You can initialize the SDK by passing an API token to the constructor, or using the environment variable NTROPY_API_KEY

from ntropy_sdk import SDK, Transaction, AccountHolder


# provide the token on initialization
sdk = SDK("my-ntropy-api-token")

The SDK contains methods to explore the available labels and chart of accounts:

for account_holder_type in ['business', 'consumer', 'freelance', 'unknown']:
  print("ACCOUNT HOLDER TYPE:", account_holder_type)
  print(sdk.get_labels(account_holder_type))

print("CHART of ACCOUNTS:", sdk.get_chart_of_accounts())

Enrichment usage:

A transaction can be associated with an account holder. An account holder represents an entity (business, freelancer or consumer) that can be uniquely identified and holds the account associated with the transaction:

  • In an outgoing (debit) transaction, the account holder is the sender and the merchant is the receiver.
  • In an incoming (credit) transaction, the account holder is the receiver and the merchant is the sender.

Account holders provide important context for understanding transactions and allow additional operations such as extracting metrics for account holders over time.

import os
import uuid
from datetime import datetime

account_holder = AccountHolder(
    id=str(uuid.uuid4()),
    type="business",
    name="Ntropy Network Inc.",
    industry="fintech",
    website="ntropy.com"
)
sdk.create_account_holder(account_holder)

A new transaction can then be associated with the created account holder and enriched:

transaction = Transaction(
    amount=12046.15,
    date="2021-12-13",
    description="AMAZON WEB SERVICES AWS.AMAZON.CO WA Ref5543286P25S: Crd15",
    entry_type="outgoing",
    iso_currency_code="USD",
    account_holder_id=account_holder.id,
    country="US",
)

transaction_list = [transaction]
enriched_transactions = sdk.add_transactions(transaction_list)

# Alternatively, you can provide both account_holder_id and account_holder_type, and set create_account_holders to True
# The account holders are then dinamically created if they don't exist during the add_transactions API call
# enriched_transactions = sdk.add_transactions(transaction_list, create_account_holders=True)

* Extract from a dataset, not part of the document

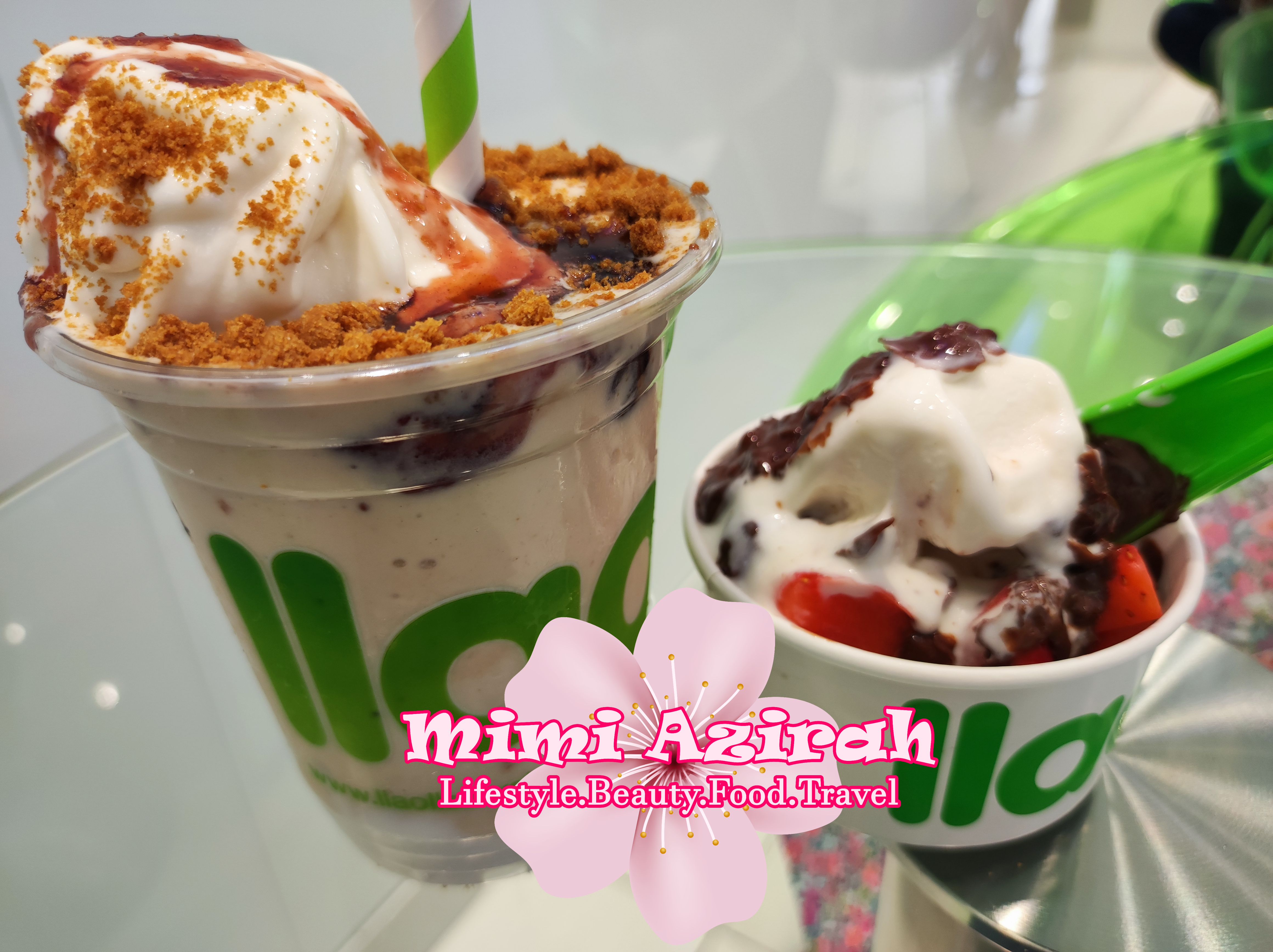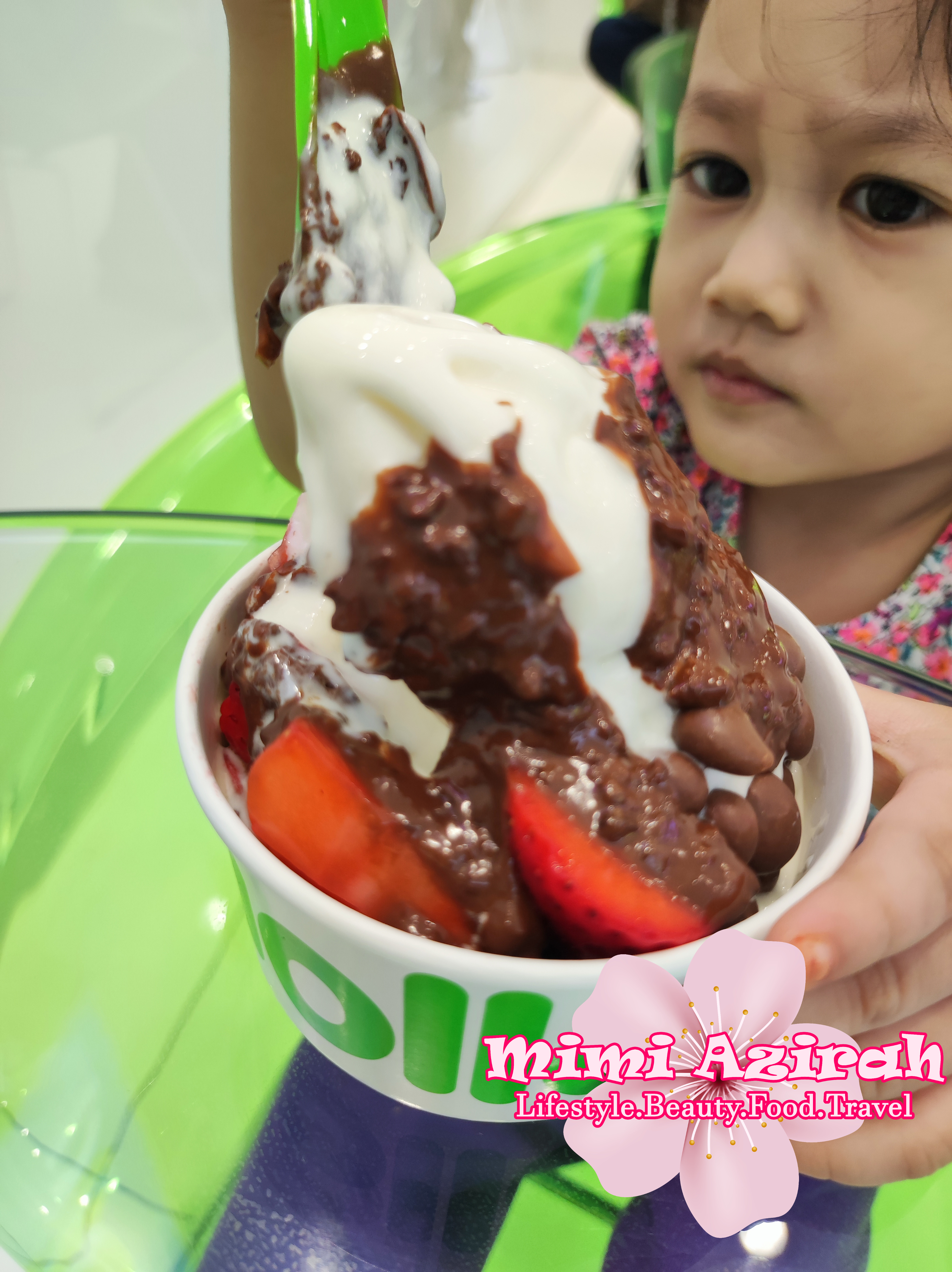 Mimi pilih tubs small topping strawberry, kit kat bited dan ovomaltine sauce untuk Amani. Untuk tubs tu setiap topping tambahan kena caj RM2.50. Mimi pilih topping ikut apa yang Amani tunjuk. Mimi pula pilih Smoothie with Yogurt Cheesecake.

print("ENRICHED:", enriched_transactions)

A transaction can also be submitted without associating it to an account holder by just providing the account_holder_type. If no account_holder_type and account_holder_id is provided for a transaction, the labels field of the enriched transaction will only contain the label "missing account holder information".

transaction = Transaction(
    amount=12046.15,
    date="2021-12-13",
    description="AMAZON WEB SERVICES AWS.AMAZON.CO WA Ref5543286P25S: Crd15",
    entry_type="outgoing",
    iso_currency_code="USD",
    account_holder_type="consumer",
    country="US",
)

transaction_list = [transaction]
enriched_transactions = sdk.add_transactions(transaction_list)

The API can be queried for specific stats regarding account holders such as the total amount in transactions in a time interval:

query = account_holder.get_metrics(['amount'], start=datetime.strptime("2021-12-01", "%Y-%m-%d"), end=datetime.strptime("2022-01-01", "%Y-%m-%d"))
print("QUERY:", query['amount'])

For bulk data, the API can easily be used along with some popular libraries such as pandas to facilitate the process:

import pandas as pd

df = pd.DataFrame(data = [[12046.15, '2021-12-13', "AMAZON WEB SERVICES AWS.AMAZON.CO WA Ref5543286P25S: Crd15", 'outgoing', 'USD', 'US', str(uuid.uuid4()), 'business', "Ntropy Network Inc.", "fintech", "ntropy.com"]], columns = ["amount", "date", "description", "entry_type", "iso_currency_code", "country", "account_holder_id", "account_holder_type", "account_holder_name", "account_holder_industry", "account_holder_website"])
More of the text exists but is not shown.